Стоило мне издали завидеть тебя, как у меня тотчас же от волнения перехватывало дыхание, а сердце пускалось вскачь. И я шла по улице так, словно ступала не по надежному крепкому асфальту, а по тонкому хрупкому льду, и он каждую секунду мог подо мной проломиться. Я больше не замечала ни деревьев, ни домов, ни прохожих. Весь окружающий мир сливался для меня в размытое разноцветное пятно. И неминуемо, как опасность, приближался твой темно-рыжий кудрявый чуб и небрежно обмотанный вокруг шеи светло-зеленый шарф. Мне казалось, что твои непроницаемые, как ночной мрак, глаза уже смотрят на меня и все подмечают. И яркую краску стыда на моих щеках, и весь мой нелепый сам себя выдающий вид. Я готова была провалиться сквозь землю. Ты казался мне непоправимо взрослым и недоступным, человеком из другого, еще неразгаданного мной, мира. Ты учился уже в последнем, выпускном классе, а я всего лишь в седьмом.

Вместо школьного портфеля ты небрежно носил красную картонную папку с шелковыми тесемками. Как-то ты ее потерял, и она случайно попала в мои руки. Я принесла ее домой и долго разглядывала твои тетради. Больше всего мне понравилась тетрадь по обществоведению. На ее обложке твоей рукой был нарисован красивый парусник. Твои записи пестрели незнакомыми мне именами философов Фурье, Канта, Фихте. Я с большим интересом вчитывалась в твои конспекты и, наверное, именно тогда зародился во мне первый интерес к философии, и она раздвинула рамки моего понимания привычной повседневной жизни. Я разглядывала твой почерк. Где-то я читала, что по почерку можно определить характер человека. И я добросовестно пыталась разгадать тебя.

Ты мечтал стать машинистом электровоза и посещал детскую железную дорогу в городском парке. И я часто тебя встречала на нашей тенистой улочке в красивой железнодорожной форме. Она тебе была к лицу. Я завидовала и тоже, почти всерьез, мечтала стать машинистом.

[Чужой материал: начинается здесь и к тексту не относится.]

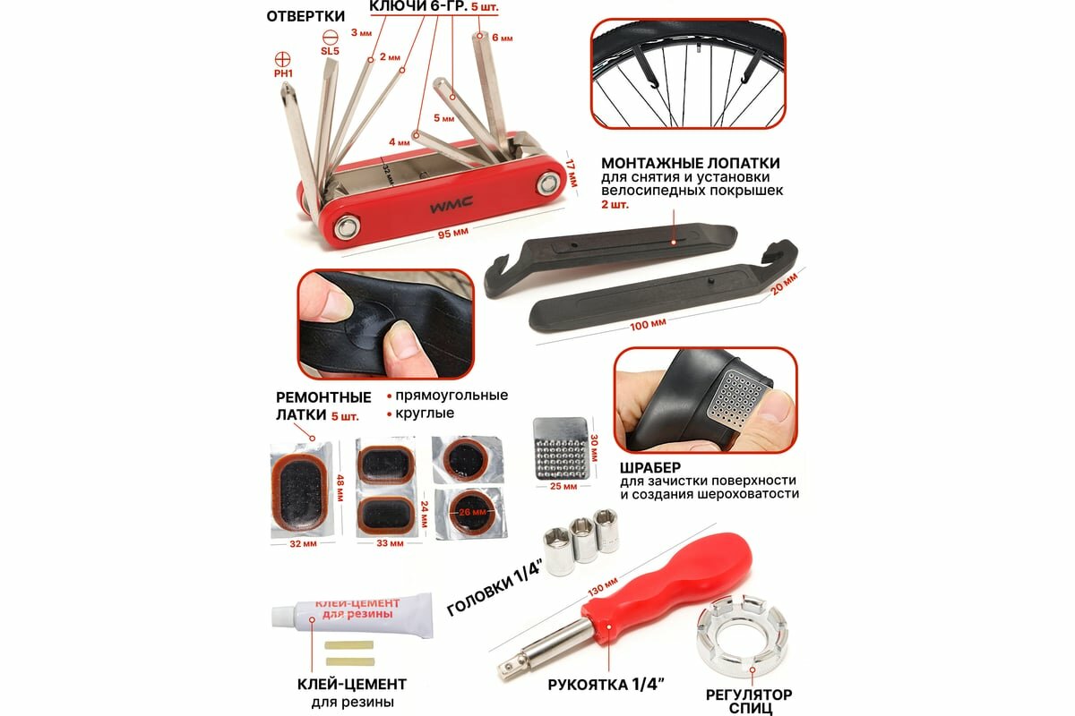Набор инструментов для обслуживания велосипеда WMC TOOLS 27 предметов + держатель фляги, в тубе WMC-2727B(49890): сравнение цен, характеристики, фото, актуальное наличие и цены.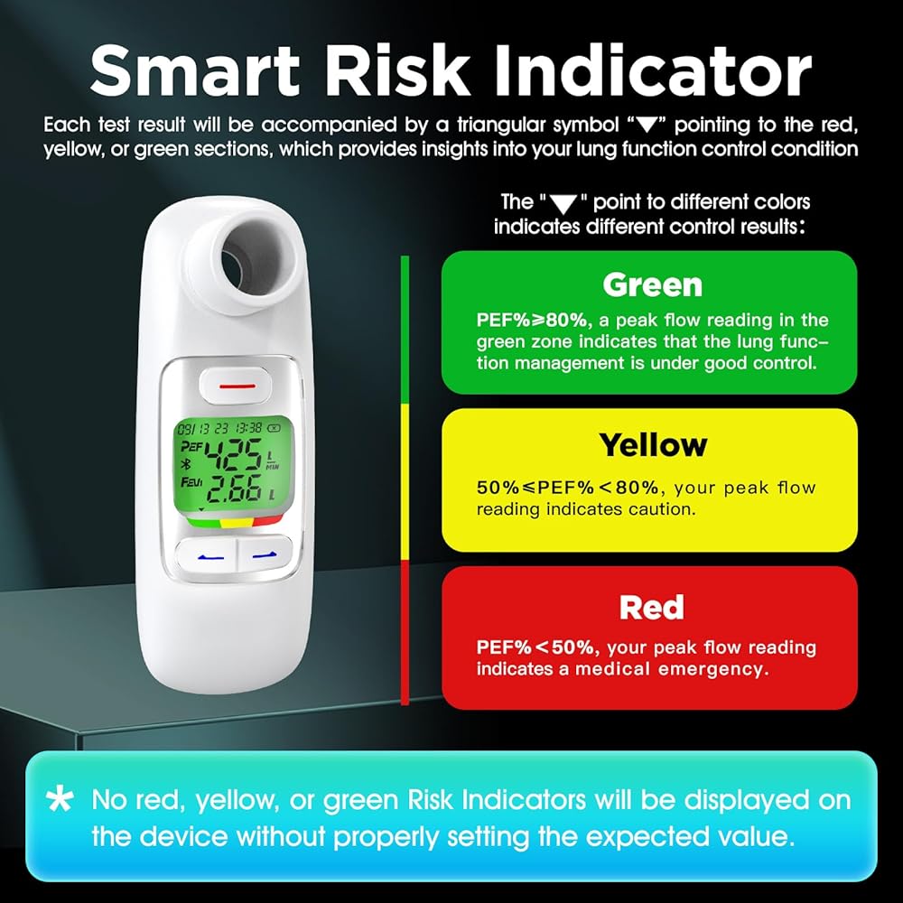 ● Risk Indicator & Customize Normal Expected Values: Sonmol Spirometer with large green backlit LCD screen which automatically displays test values, you can set up your personal expected value, and each test will show your lung function control condition with the risk indicator. We offer PEF expected value calculation tool. * No Risk Indicates will be displayed on the device without properly setting the expected value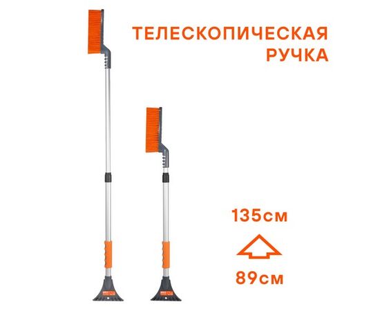 Щетка от снега и льда с телескоп. рукояткой и мягкой щетиной "Волна" + скребок (89-135см) (ABRN020)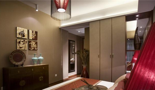 臥室櫥柜、衣柜等方面的設(shè)計(jì),顏色搭配以深色,加之原木色地面,烘托出復(fù)古格調(diào)。臥室櫥柜上擺放的青花瓷瓶,美麗而不呆板、巧妙而不雜亂。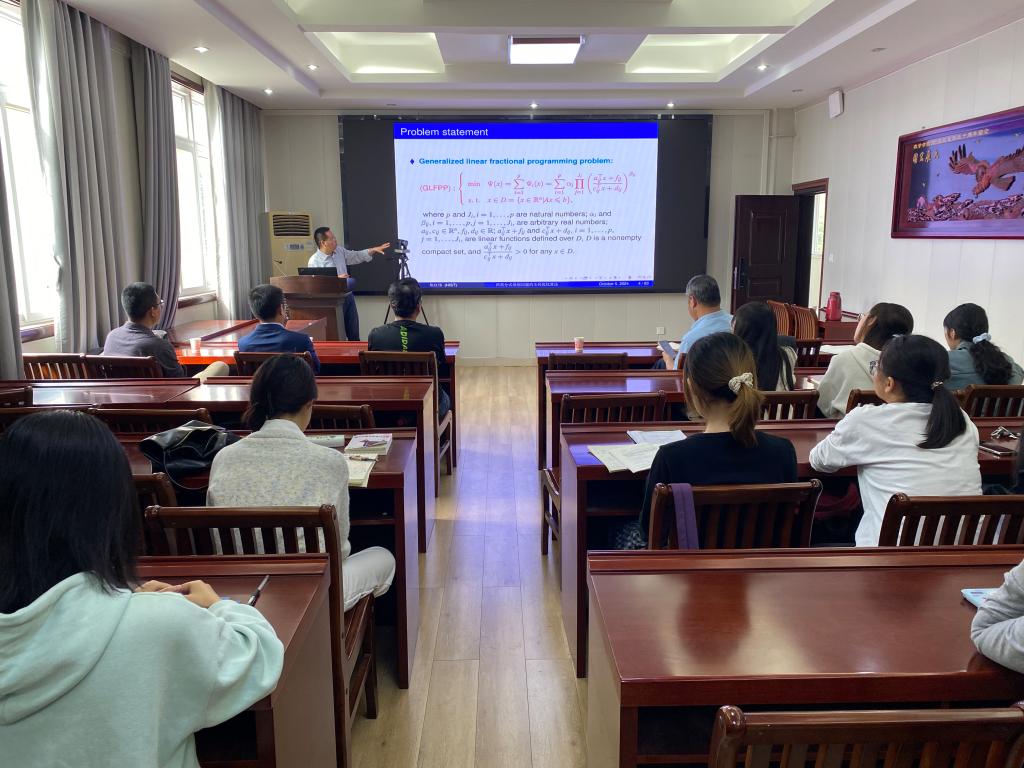 10月5日上午,应数学与统计学院邀请,河南科技学院焦红伟教授作了题为《Global optimization methods for the minimax linear fractional programming problems》的学术报告。报告会由韩英波教授主持,部分老师及研究生聆听了此次报告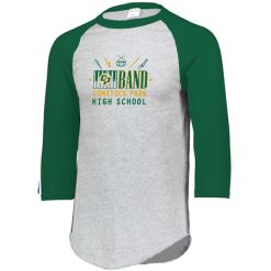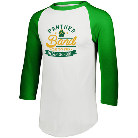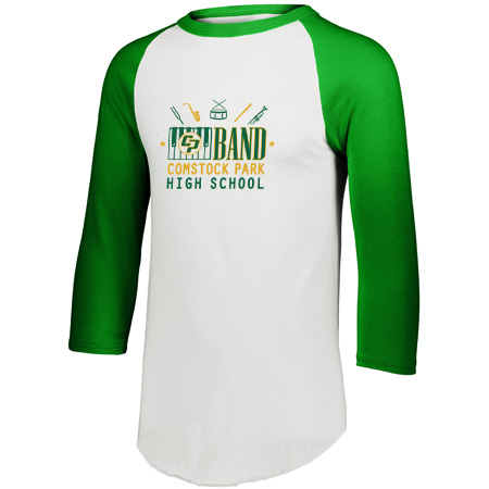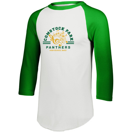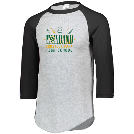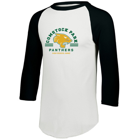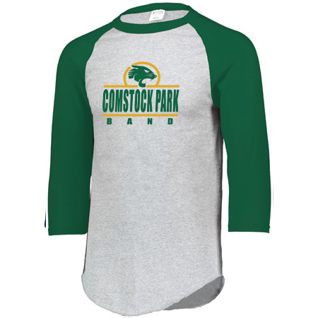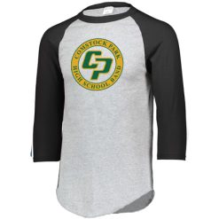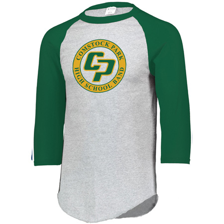 4.8 ounce 50% polyester/50% cotton jersey knit; Tear away label; Crew neck; 3/4″ length raglan sleeves; Serged fishtail bottom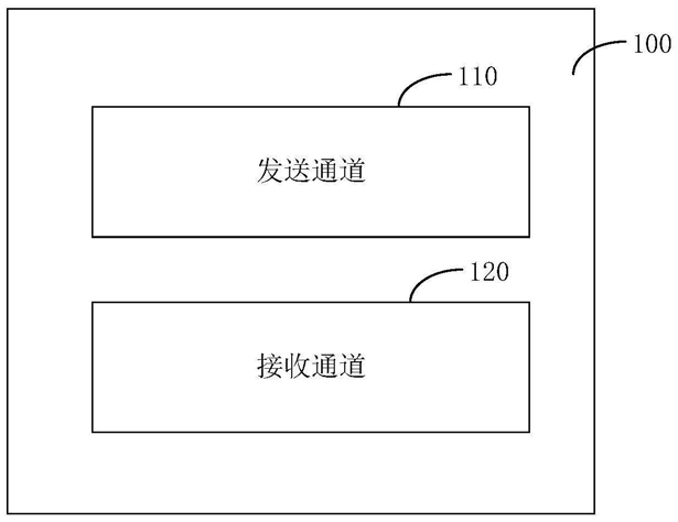 所述发送通道,具有m个第一数据接口和m个第二数据接口,包括一组可软件编程的第一处理器,用于对通过所述m个第一数据接口获取的m路数据时分复用为1路数据,采用所述一组可软件编程的第一处理器对1路数据分段进行中频运算处理,并将运算处理完毕的1路数据进行时分解复用为m个第二数据接口的数据,实现数据的发送处理;

Когда мы всем классом ходили за подснежниками в небольшой пригородный перелесок и, набродившись досыта по талому мокрому снегу и набрав по горсти мятых цветов, выходили к железнодорожному полотну, прогретые весенним солнцем блестящие рельсы пахли мазутом и звали нас в какие-то еще неведомые нам далекие города. Мы были спокойны и уверены в себе. Мы твердо знали, что это зовет нас наше будущее. Душевные силы бурлили во мне, не находя выхода. Мне хотелось самой водить электровоз, разбивая его крепкой стальной мордой встречный ветер. Я любила простор и свободу.

А вообще-то, я втайне уже тогда мечтала стать писателем. Но боялась, что мне для этого не хватит таланта. Я с раннего детства писала стихи и грезила, что меня вдруг начнут печатать в городских газетах.

Но стихи мои никто не печатал. А ты как-то сказал моей подруге, смазливой фигуристой Люське, что я живу книжными представлениями о жизни. И ты, наверное, был прав. У Люськи было уже много романов и один даже со взрослым женатым мужчиной. А я по-прежнему витала в облаках. Мне хотелось чего-то необычного. Я все представляла картинку с книжной обложки повести «Дикая собака Динго»: грустная девочка в обнимку с большой доброй собакой на берегу ночной мерцающей реки.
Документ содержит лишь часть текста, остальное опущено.